Given data |
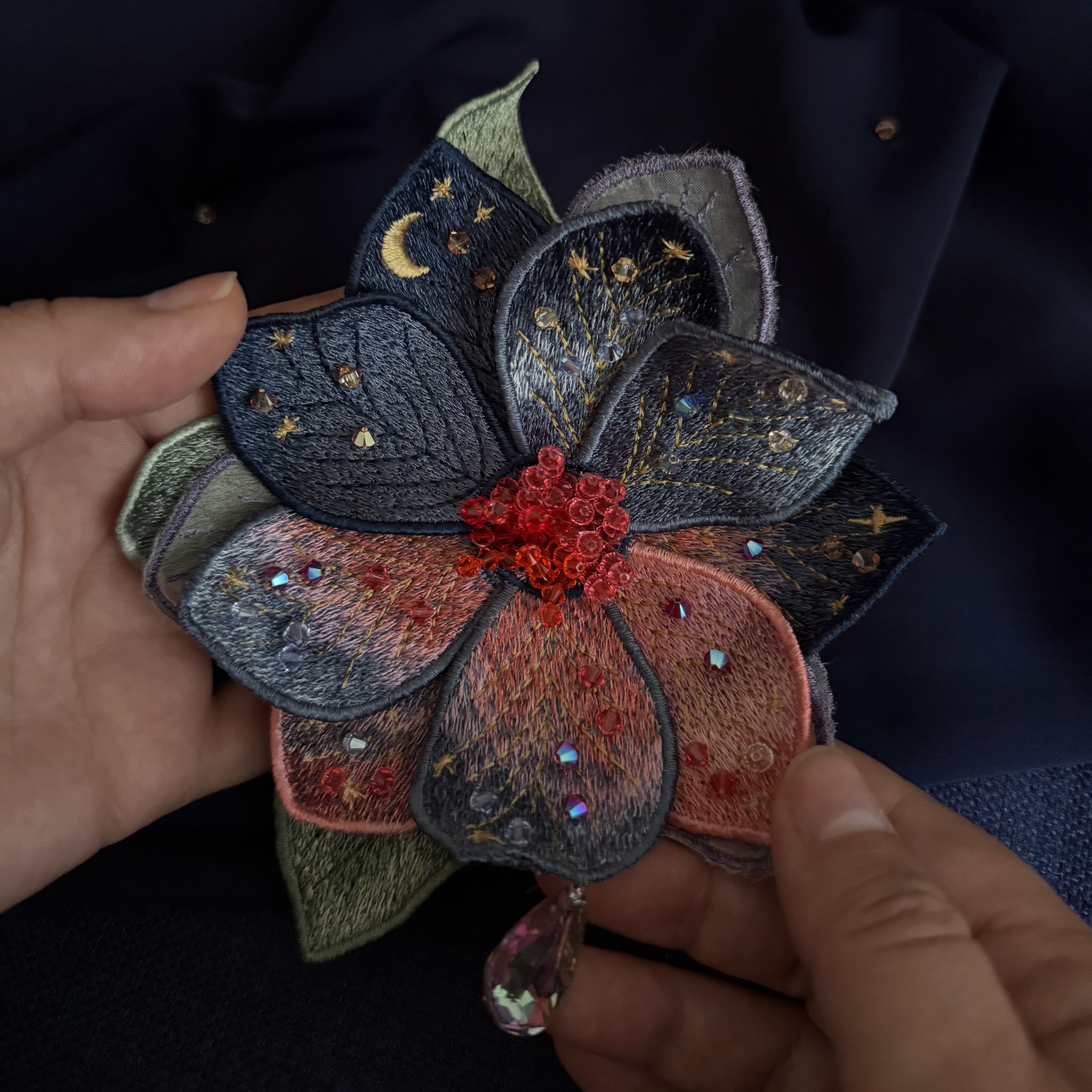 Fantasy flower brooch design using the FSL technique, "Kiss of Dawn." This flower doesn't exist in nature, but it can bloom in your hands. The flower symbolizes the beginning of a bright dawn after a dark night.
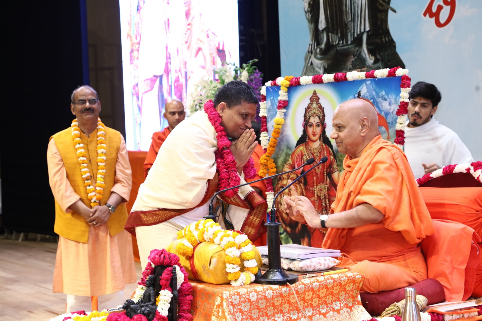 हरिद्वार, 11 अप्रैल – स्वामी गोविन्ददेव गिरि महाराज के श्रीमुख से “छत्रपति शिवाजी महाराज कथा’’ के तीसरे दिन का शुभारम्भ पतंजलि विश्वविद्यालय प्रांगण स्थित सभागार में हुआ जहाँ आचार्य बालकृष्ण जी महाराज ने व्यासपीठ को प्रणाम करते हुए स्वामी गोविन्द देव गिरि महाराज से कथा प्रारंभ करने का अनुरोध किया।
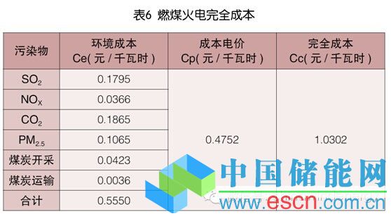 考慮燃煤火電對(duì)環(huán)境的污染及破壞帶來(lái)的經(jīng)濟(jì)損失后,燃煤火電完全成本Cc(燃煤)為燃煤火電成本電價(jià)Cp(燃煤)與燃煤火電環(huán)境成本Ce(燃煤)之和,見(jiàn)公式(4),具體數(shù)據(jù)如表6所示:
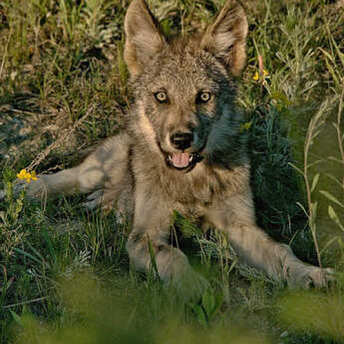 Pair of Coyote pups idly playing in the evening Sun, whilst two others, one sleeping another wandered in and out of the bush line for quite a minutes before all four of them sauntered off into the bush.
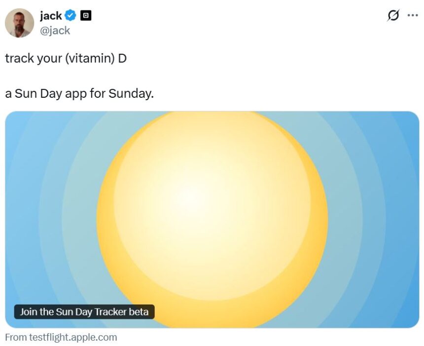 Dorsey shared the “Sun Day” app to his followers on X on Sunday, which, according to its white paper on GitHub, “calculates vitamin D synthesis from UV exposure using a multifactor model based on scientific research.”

Your assignment |
If a picture falls within the lines from the one containing "考慮燃煤火電對(duì)環(huán)境" through the end of the material, leave it out while repeating those lines exactly.

Reply |
 考慮燃煤火電對(duì)環(huán)境的污染及破壞帶來(lái)的經(jīng)濟(jì)損失后,燃煤火電完全成本Cc(燃煤)為燃煤火電成本電價(jià)Cp(燃煤)與燃煤火電環(huán)境成本Ce(燃煤)之和,見(jiàn)公式(4),具體數(shù)據(jù)如表6所示:
 Pair of Coyote pups idly playing in the evening Sun, whilst two others, one sleeping another wandered in and out of the bush line for quite a minutes before all four of them sauntered off into the bush.
 Dorsey shared the “Sun Day” app to his followers on X on Sunday, which, according to its white paper on GitHub, “calculates vitamin D synthesis from UV exposure using a multifactor model based on scientific research.”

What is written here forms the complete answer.